Most of you already know (if you’ve read the blog) that I had lots of depression up until December. Then the Mirena came out, depression improved until it was time for my monthly cycle. THEN it was not quite so pleasant. I saw a doctor about it yesterday and he prescribed another medication to take along side the Wellbutrin. I’m glad that I can still take the Wellbutrin because I just fought the denial from my insurance company (and won). Evidently, they don’t want to pay for brand name drugs if generics are available. Anyway…
He said that I was experiencing some anxiety, it sounded like some attacks to him. I get to where crowds make me very nervous, I cannot hardly catch my breath and my heart races. I feel very agitated and afraid. I guess I didn’t realize this to be the case until Tim & I were in Vegas walking around on the streets and all the people everywhere made me nervous. I wanted to retreat to my hotel room, or at least to a much quieter and lonely place. This was the first hint that perhaps I was having anxiety. But, now that I look back, I see its been evident for some time.
Last Friday night, even a small episode (something really petty) “set me off”. I had purchased a new outfit, and needed a black tank top. It was somewhere in the house, but I couldn’t locate it. I asked Tim if he had washed it when we returned from Vegas (I swore I had taken it with me, but really later remembered, I had not). I grew extremely agitated, and that feeling of anxiety started in the pit of my stomach. It started to rise as I hung up clothes in the laundry room with hopes that I’d soon get to the bottom of the clothes pile and find my black tank. I couldn’t catch my breath, agitation grew until I exploded with profanities. *Well… I am not going to lie about it!* Tim finally located it underneath a pair of his blue jeans on the dresser in the bedroom. But, the anxiety was still present for another few hours. I tried to tell him that it wasn’t specifically the fact that I couldn’t locate the tank. It was just anxiety as a whole in general, and that it doesn’t take much to just set it off.

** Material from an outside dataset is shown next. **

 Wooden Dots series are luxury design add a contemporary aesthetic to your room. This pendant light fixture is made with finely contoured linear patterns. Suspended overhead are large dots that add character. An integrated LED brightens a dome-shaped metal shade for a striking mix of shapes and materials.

Hopefully this medication will help my anxiety, depression, and yes even some OCD tendencies! I took the first dose last night, and I didn’t sleep very well. This morning I had nausea really bad but I am hoping that I can adjust. At this time, I don’t want to tell what kind it is because I have positive thoughts that it will work. I don’t want to receive emails of how horrible this medication is… I’d rather try it, pay close attention to my body and how I respond, and then go from there… But I will definitely keep you apprised of my progress (or possibly digression).

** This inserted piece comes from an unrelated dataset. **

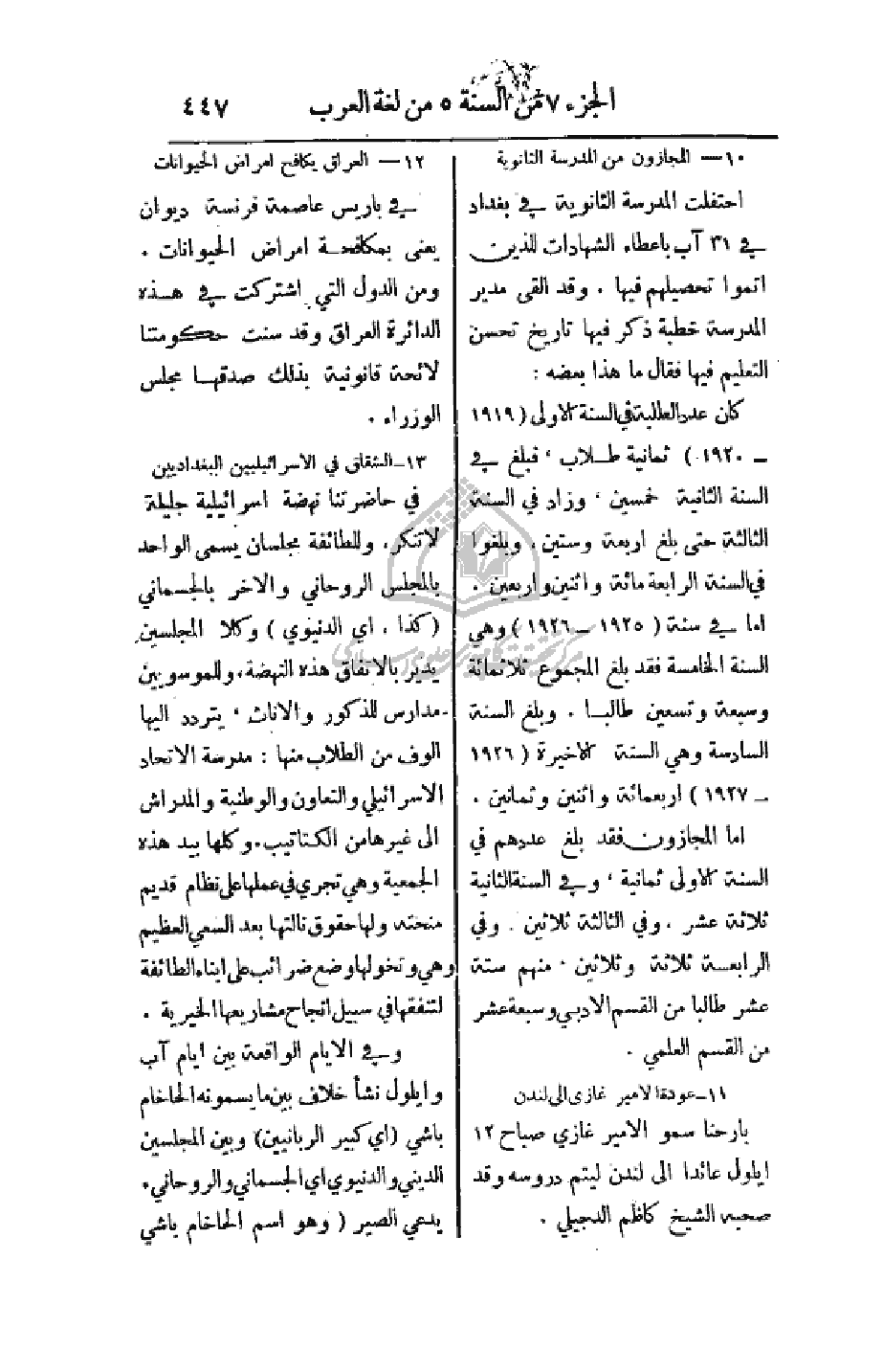 احتفلت المدرسة الثانوية في بغداد في 31 آب بإعطاء الشهادات للذين أتموا تحصيلهم فيها. وقد ألقى مدير المدرسة خطبة ذكر فيها تاريخ تحسن التعليم فيها فقال ما هذا بعضه:

A noteworthy statement from the doctor… he was in agreement that the Mirena was not a good option for me, and is a cause of these issues.

I take Activan and Xanax for my anxiety problem…I think mine is do when my sugar goes up or down and then my heart is pounding and tightness in my chest and I can’t breathe then heart palpation’s…

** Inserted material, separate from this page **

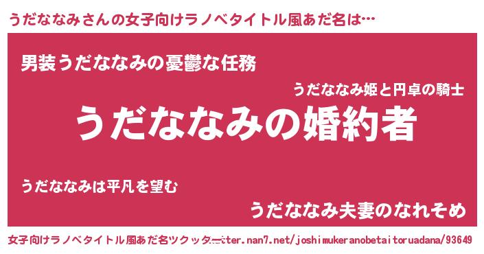 | ファンタジー風あだ名 | 『エターナルウダナナミー』『ウダフェル』 |

I’m so glad that you are on something…Hopefully this will help you and make you feel normal again…
Berrigirl
Good Lord, honey, you sound like me! Sometimes I get really agitated when I can’t find something like a bra or panties or a top that I KNOW should be in my closet or bureau or something. Of course, in my case, I’m gun shy because my lovely daughter is typically the culprit. But sometimes…Well…it’s my bad. I hate how I feel, though. I’m like a rocket on the launch pad ready to fly into orbit! AAAACCK!!! Keep us posted on how the meds work, okay?